- WORK TASK:
Wherever a picture appears, leave it out; set down everything else in the records exactly.

- RECORDS:
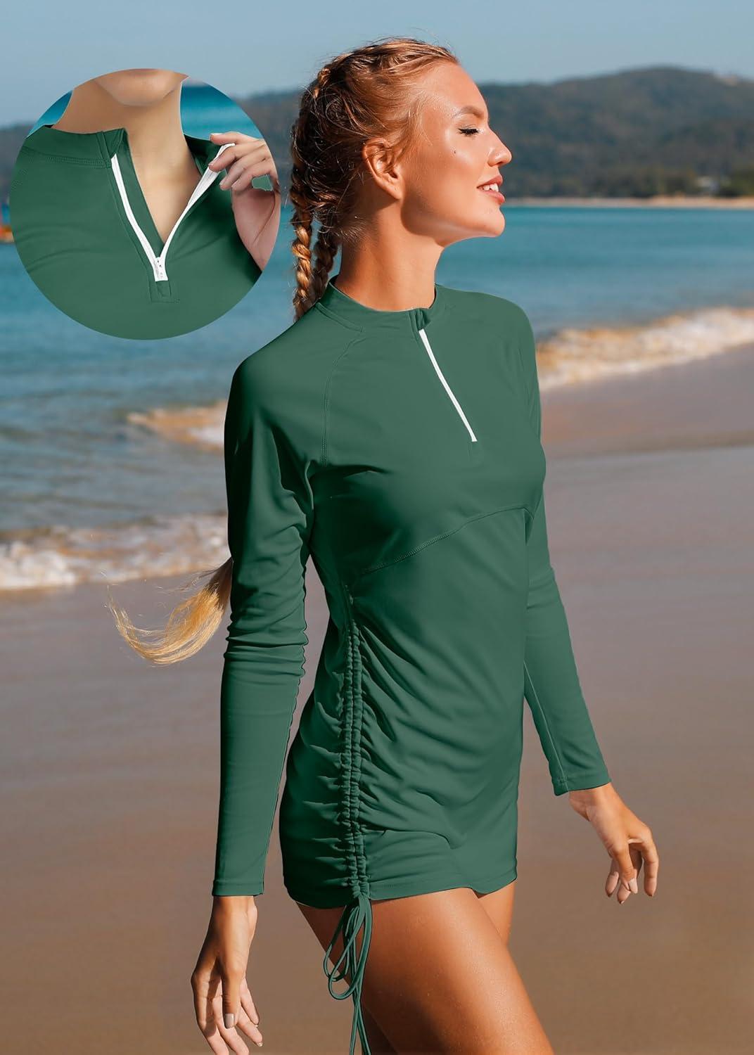 Ewedoos Rash Guard for Women UPF 50+ Sun Protection Clothing Swim Shirts for Woman SPF Shirts Long Sleeve UV Sun Shirts(Dark Green)
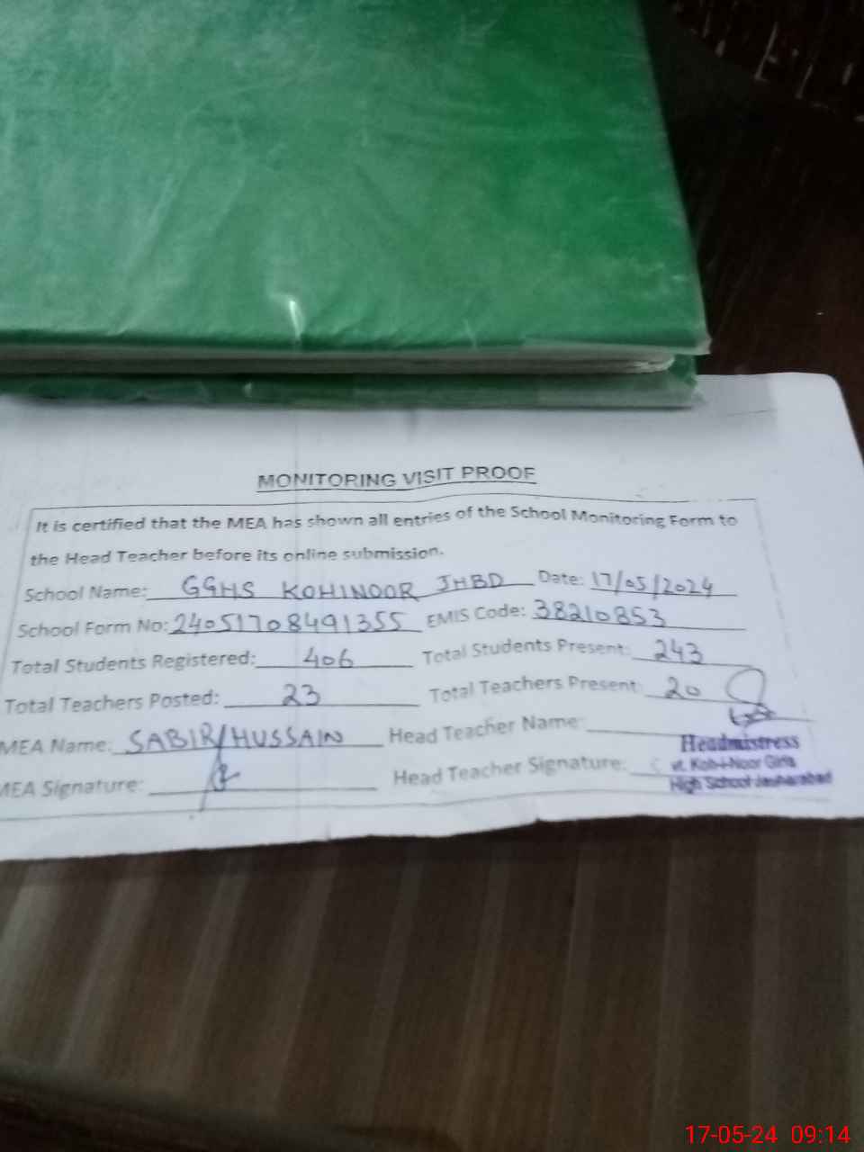 | Attendance Register | Head Teacher | MEA with School | Visit Proof |
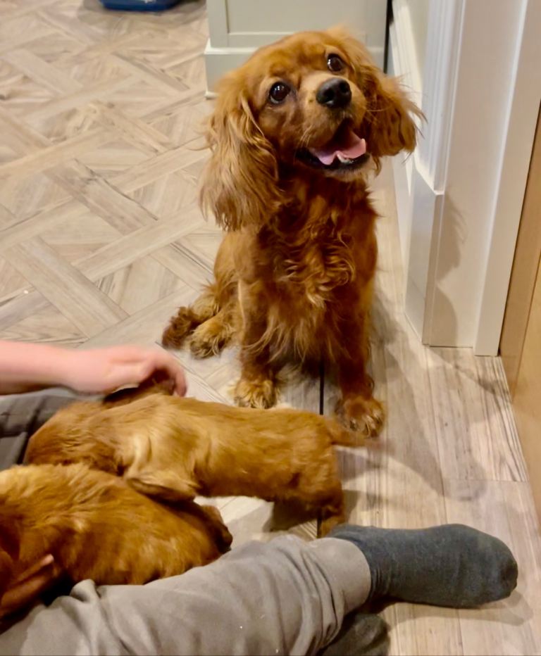 Mother dog is my beautiful 3 year old King Charles named Ember.
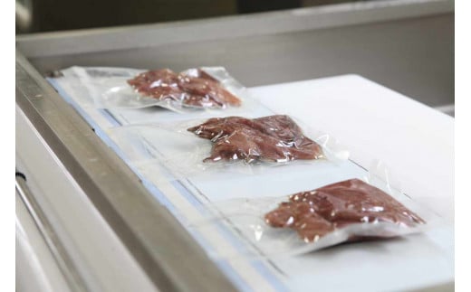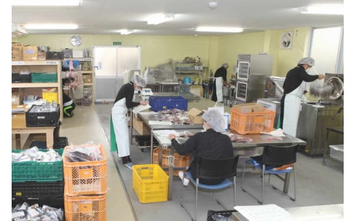 材料を蒸して、余分な脂を落とし、真空パックし高温殺菌しています。
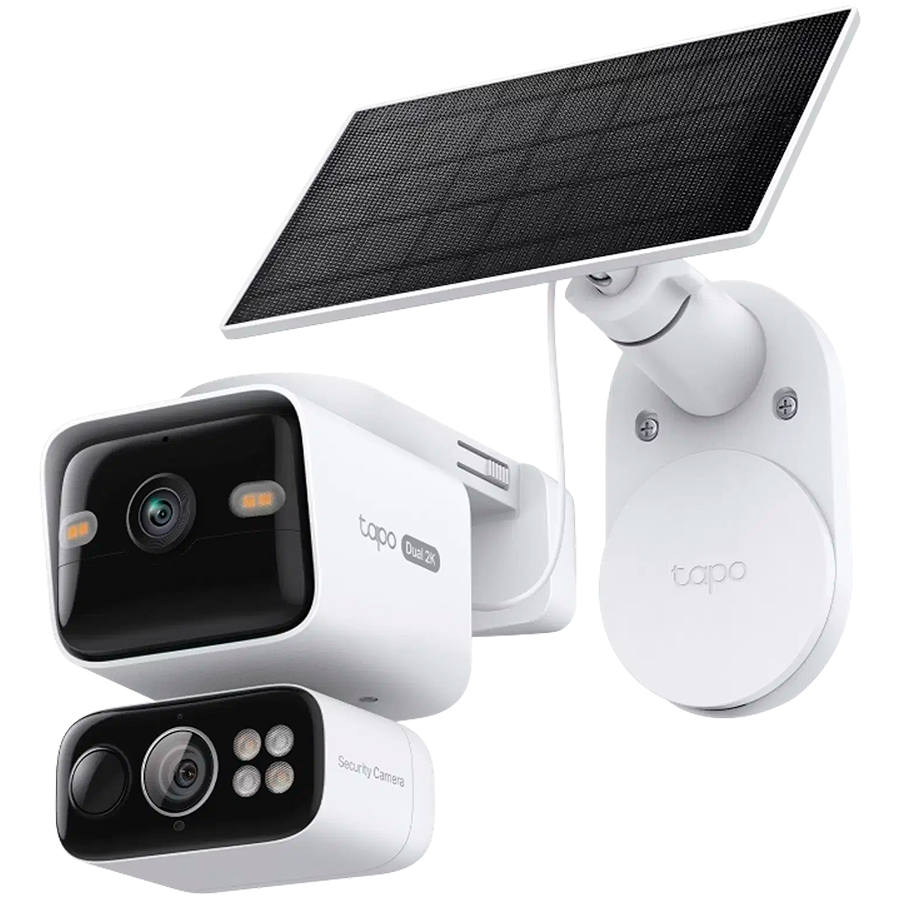 Tapo C645D Solar Powered Dual 2K Lens Pan/Tilt 360 Security Camera Kit, Resol. 2K 3MP (2304 x 1296 px), Live View, Night Vision, Built-in Microphone and Speaker, MicroSD Slot on Camera (Up 512 GB), Lith.-ion Battery, Solar Panel Max Char. Volt. 5.2V
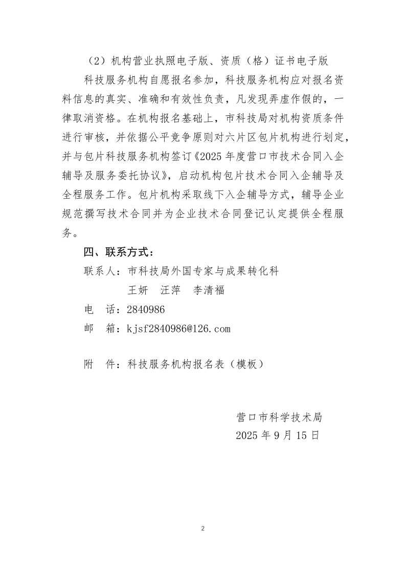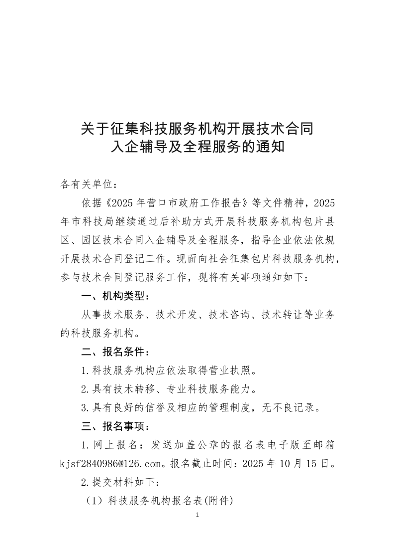 关于征集科技服务机构开展技术合同入企辅导及全程服务的通知

- REPLY:
 Ewedoos Rash Guard for Women UPF 50+ Sun Protection Clothing Swim Shirts for Woman SPF Shirts Long Sleeve UV Sun Shirts(Dark Green)
 | Attendance Register | Head Teacher | MEA with School | Visit Proof |
 Mother dog is my beautiful 3 year old King Charles named Ember.
 材料を蒸して、余分な脂を落とし、真空パックし高温殺菌しています。
 Tapo C645D Solar Powered Dual 2K Lens Pan/Tilt 360 Security Camera Kit, Resol. 2K 3MP (2304 x 1296 px), Live View, Night Vision, Built-in Microphone and Speaker, MicroSD Slot on Camera (Up 512 GB), Lith.-ion Battery, Solar Panel Max Char. Volt. 5.2V
 关于征集科技服务机构开展技术合同入企辅导及全程服务的通知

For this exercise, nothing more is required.